Donna, Mac Arthur e uma saudade

Quando soube que Donna Summer tinha morrido, senti saudade antes de sentir tristeza. Saudade de um oásis em meio ao caos que foi minha adolescência.

Era Janeiro de 79 e eu estava de férias em Pontal, hospedada  na casa da minha querida tia Neide. Vó Carolina ainda era viva e impunha, mesmo sem querer, sua presença. Sempre muito quieta  mas igualmente forte, passava a maior parte do tempo na sala de jantar, onde ficava a vitrola. É, vitrola!

Ao lado dela – da vitrola, claro – durante todo o tempo em que lá estive, repousava a capa do LP duplo, Live And More, lançado pela Donna no ano anterior. Era ao som de Mac Arthur Park que eu acordava todos os dias.

Lembro-me de abrir os olhos nos primeiros acordes e sentir uma alegria imensa. Estava na cidade que eu tanto amava, cercada de pessoas que me tratavam com tanto carinho.

Não demorava pra minha tia entrar no quarto, avisando que o café estava servido. Sempre carinhosa, sentava-se a beira de uma das camas e queria saber o que tínhamos feito na noite anterior.

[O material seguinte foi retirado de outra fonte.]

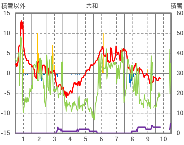 | 日 | 時 | 気温 | 降水 | 風向/風速 | 日照 | 積雪 | 降雪 |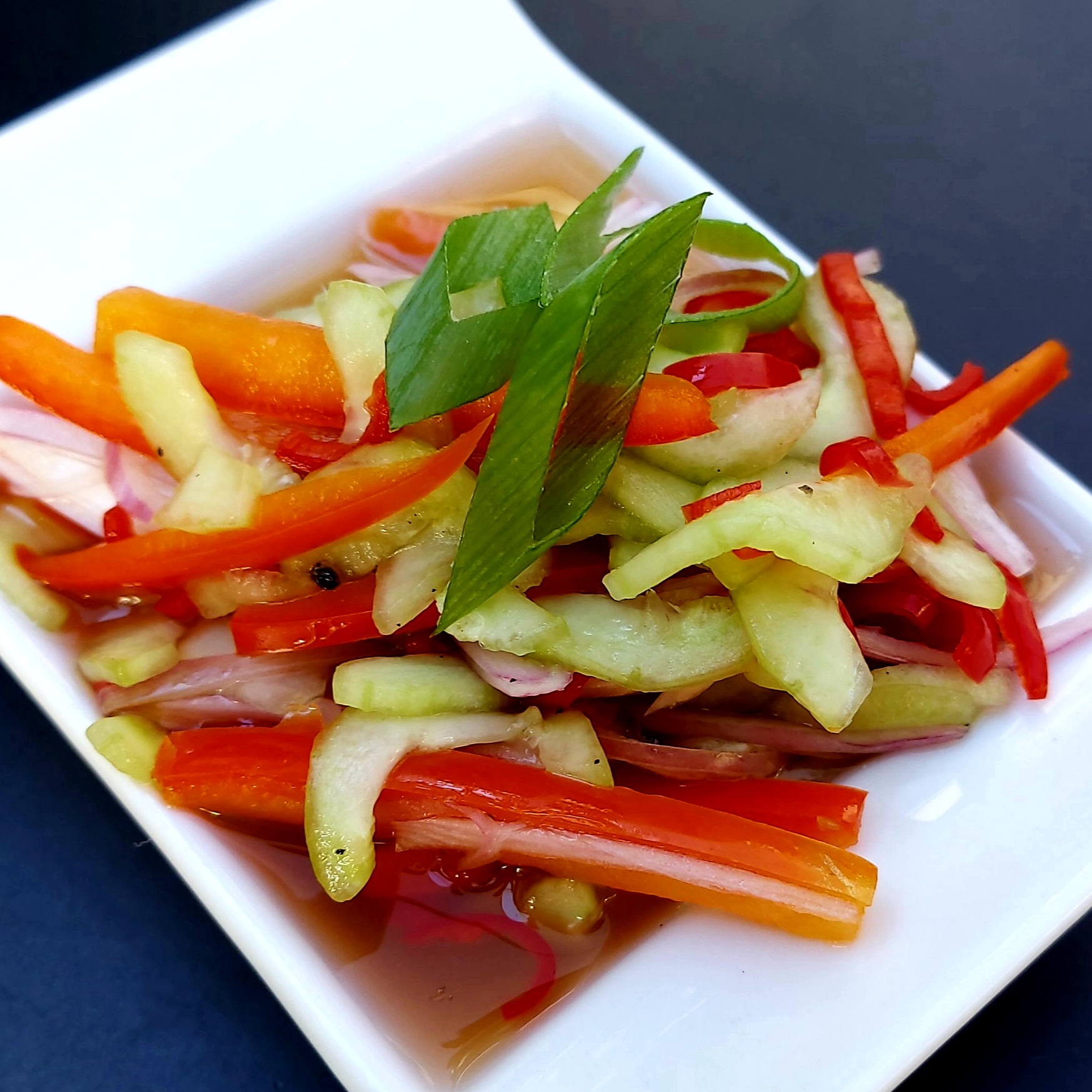 Atjar ketimun, sweet and sour cucumber salad, with red bell pepper and shalots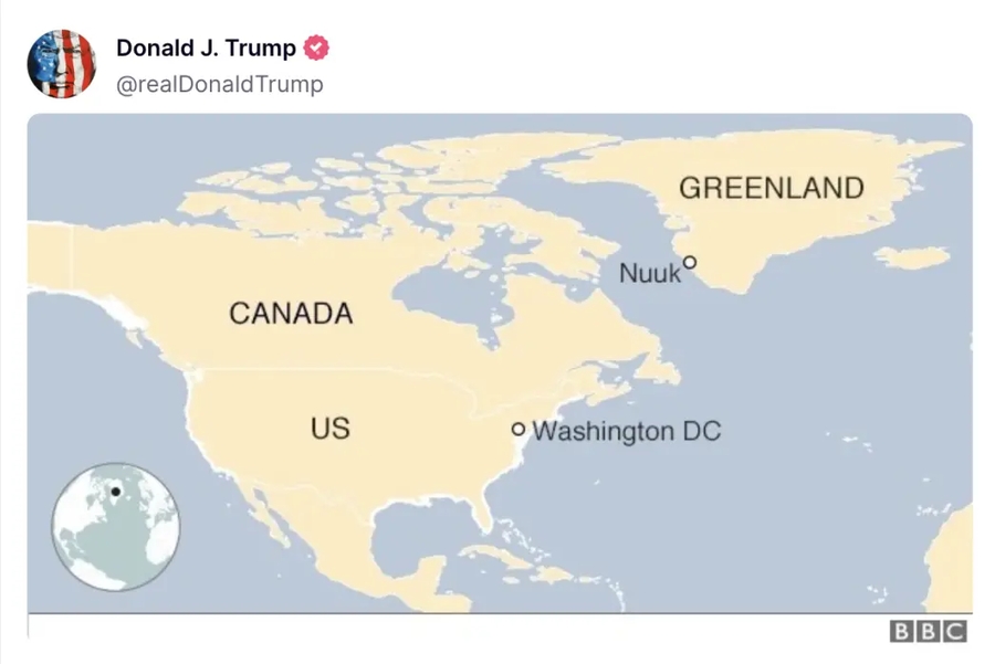 1月7日早些时候,特朗普在其社交平台发布“加拿大被纳入美国”之后的“美国全新版图”。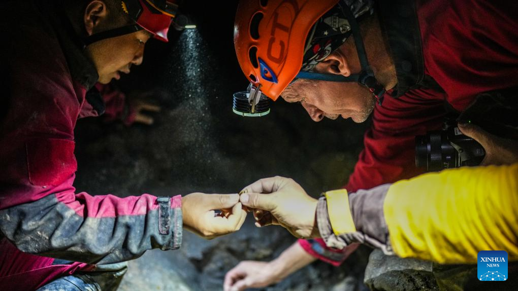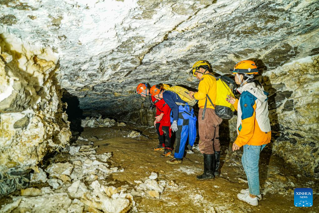 An Italian expert and members of Guizhou provincial mountain resources institute explore a branch cave of Shuanghe Cave in Suiyang County, southwest China's Guizhou Province, Sept. 24, 2023. (Xinhua/Tao Liang)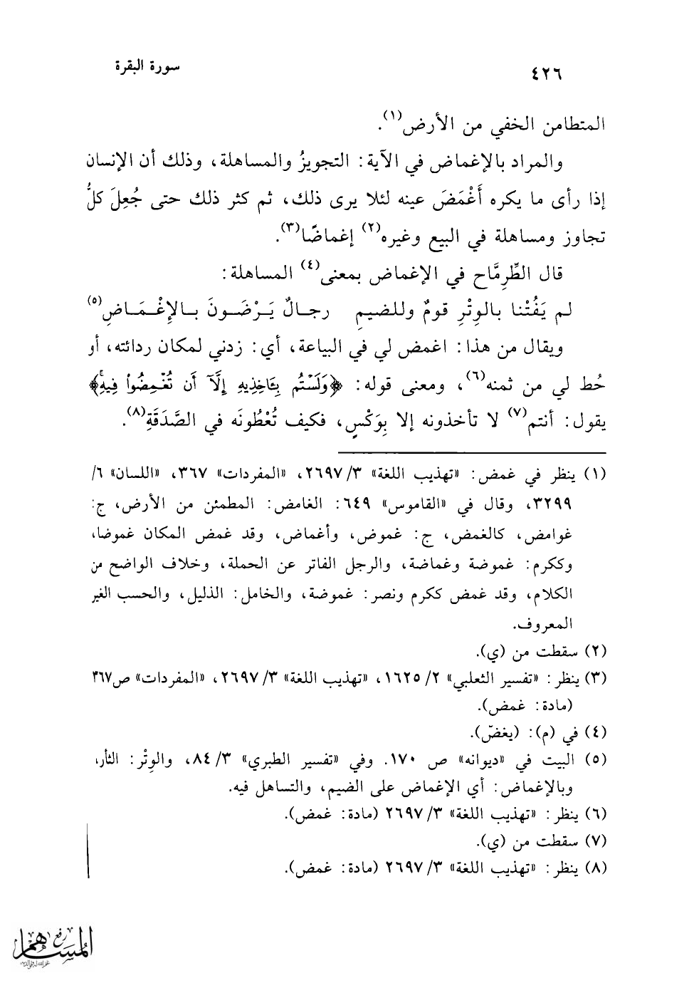 وقال في رواية الوالبي: ولستم بآخذي هذا الرديء بحساب الجيد حتى تحطوا من الثمن (¬2)، وبه قال الحسن (¬3) وقتادة (¬4)، وهذا القول يحمل على الإغماض إذا كان متعديًا إلى آخر، كما تقول: أغمضت بصر الميت وغَمَّضْتُه، كان المعنى: ولستم بآخذيه إلا إذا أغمضتم بصر البائع، يعني: أمرتموه بالإغماضِ والحطِّ من الثمن، فيكون المفعولُ محذوفًا في (¬5) هذا (¬6)، يدل على هذا المعنى: قراءة أبي مجلز {تُغْمِضُوا} فيه بضم التاء وفتح الميم (¬7) يعني: إلا أن يُهضم لكم.

Meu dia começava bem. Muito bem para a uma menina  adolescente, que estava vivendo a felicidade inexplicável da conquista do primeiro amor. E o primeiro amor morava na casa da frente!

Pulava da cama, abria um pedacinho da janela e espiava. Como era fácil ser feliz: Uma janela entreaberta e uma possibilidade.

Não me lembro de ter vivido emoção assim. Não me lembro de ter amado com tanta ingenuidade, com tanta entrega, sem expectativa.

Nessa época o namorar era feito de beijos, abraços e mãos entrelaçadas. Não havia possibilidade de qualquer avanço. A delicadeza da lembrança talvez se deva exatamente a isso.

No meio do mês, como todos os anos, fomos para o Guarujá. Minha prima Rosana, eu, meus pais e irmãos. Foram 15 dolorosos dias na praia  longe dele, da Donna e do Mac Arthur. Dias em que incansavelmente negociava com meu pai a volta à Pontal para passar os últimos dias de férias.

E que emoção o dia que voltei! Era noite, o céu estrelado de forma inacreditável, Tio Luiz na calçada com o braço em volta da  tia Neide.

Meu olhar vagava entre o céu e a porta da casa do meu amor. De repente a porta se abriu e rapidamente, numa brincadeira me esconderam. Posso vê-lo atravessando a rua, num passo desengonçado de menino que cresceu demais.

Que delícia lembrar a cara que ele fez quando me viu! O sorriso que era lindo se abriu e o olhar, que sempre foi penetrante, sorriu junto.

O desejado beijo não pode ser dado. Não naquele momento.

– Nãoo, não na frente dos tios!

Ah, como era bom estar apaixonada e ter esse amor correspondido, como é bom poder lembrar isso com tanto carinho.

Vivemos uma história linda naqueles dias quentes de verão e céu exuberante. Simples, sem planos abstratos e com todos os sonhos concretos.

A vida não nos quis juntos. O amor não foi suficiente ou talvez, simplesmente, tivessem outros planos pra nós.

Cada um seguiu a sua maneira.

Construí minha família, ele a dele.

Nunca mais nos falamos. Nunca mais!

Só nos vimos à distância uma duas ou três vezes.

Mas a verdade é que isso não tem a menor importância. O que conta é a emoção que pude sentir graças ao que vivemos. Emoção que seguirá comigo, sempre!

Donna Summer morreu e me deixou uma música, uma lembrança e uma saudade.